Level of applications

6.We obtained additional information from HMT about the level of applications anticipated, and the ability of the PRA and FCA to handle these; we are publishing the information at Appendix 2.

7.HMT has said that the PRA estimates it will receive approximately 160 applications for authorisation from EEA firms, many of them substantial and complex; and that this would be a significant increase by comparison with the PRA’s current experience of dealing with around a dozen applications for authorisation per year, normally from start-ups or relatively small firms. As regards the FCA, HMT has told us that, in the year to 31 March 2018, the FCA processed approximately 1,200 applications for authorisation from firms (excluding consumer credit); that applications from a proportion of the firms that passport into the UK would represent a significant increase; and that, for business planning purposes, the FCA is using an assumption of just under 1000 firms that may use the regime (in addition to the business as usual figure). HMT has said that it is content that the PRA and FCA are making adequate preparations to deal with these applications.

8.In writing to the Economic Secretary to the Treasury, we also asked about the reliability of these estimates. In his reply of 15 October, Mr Glen acknowledges that there is an unavoidable degree of uncertainty about them, but describes them as sensible working assumptions that will be kept under review.

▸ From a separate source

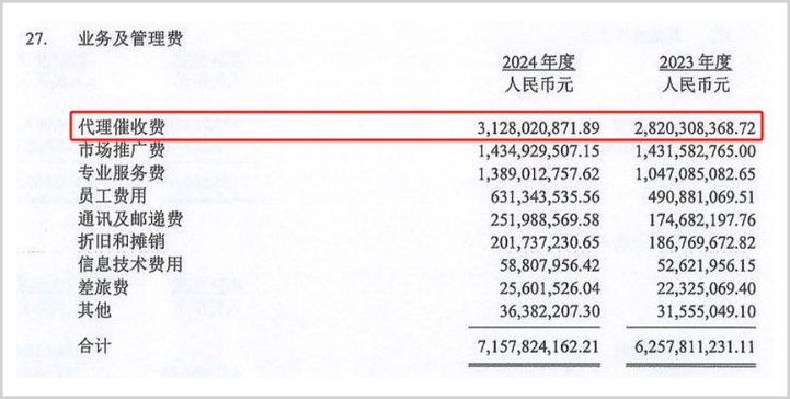 公司公告显示,2020年至2024年其代理催收费用连创新高,分别达到11.56亿元、15.01亿元、20.88亿元、28.20亿元,31.3亿元,五年合计高达107亿元。

UK firms operating in EEA after Brexit

9.We also asked Mr Glen about the position of UK firms operating elsewhere in the EEA after the UK has left the EU (albeit that this falls outside the scope of these Regulations). In his reply, the Minister refers to the implementation period which, if taken forward, would allow firms to continue to trade on the same terms as now until 31 December 2020, and also to the proposal that the UK Government have made for a new economic arrangement with the EU to manage regulatory change in the future. He acknowledges, however, that if there is no deal with the EU, unilateral action by the UK Government would not be able to influence the status of UK firms operating in the EEA.

Conclusion

10.It is clearly important to ensure that, in a “no-deal scenario”, there is minimal disruption to the UK’s financial services sector when firms lose their authorisation based on the EEA passport and seek instead to be authorised by the UK’s regulatory bodies, the PRA and FCA. By providing for a “temporary permissions regime”, these draft Regulations seek to achieve that objective. Information provided by HMT indicates the scale of the task that the PRA and FCA may face in dealing with applications for authorisation during that regime.

11.The draft Regulations allow for the possibility that the period of the regime could be extended in the light of an assessment of progress by the regulatory bodies. We consider it sensible that the Government should be able to introduce such an extension, and we think that a decision to do so would be a matter of great interest to the House. Given the significance of any regulations to extend the temporary permissions regime, however, we do not see it as self-evident that such an instrument should be subject to the negative, rather than the affirmative, procedure, as HMT has proposed. The Economic Secretary to the Treasury has stressed that HMT would be able to modify the time limits only if it considered it necessary to do so. While accepting that this would be the case, we take the view that the House might well wish to debate such a necessity, and that it may also wish to press for a fuller justification of the choice of negative procedure than has so far been given.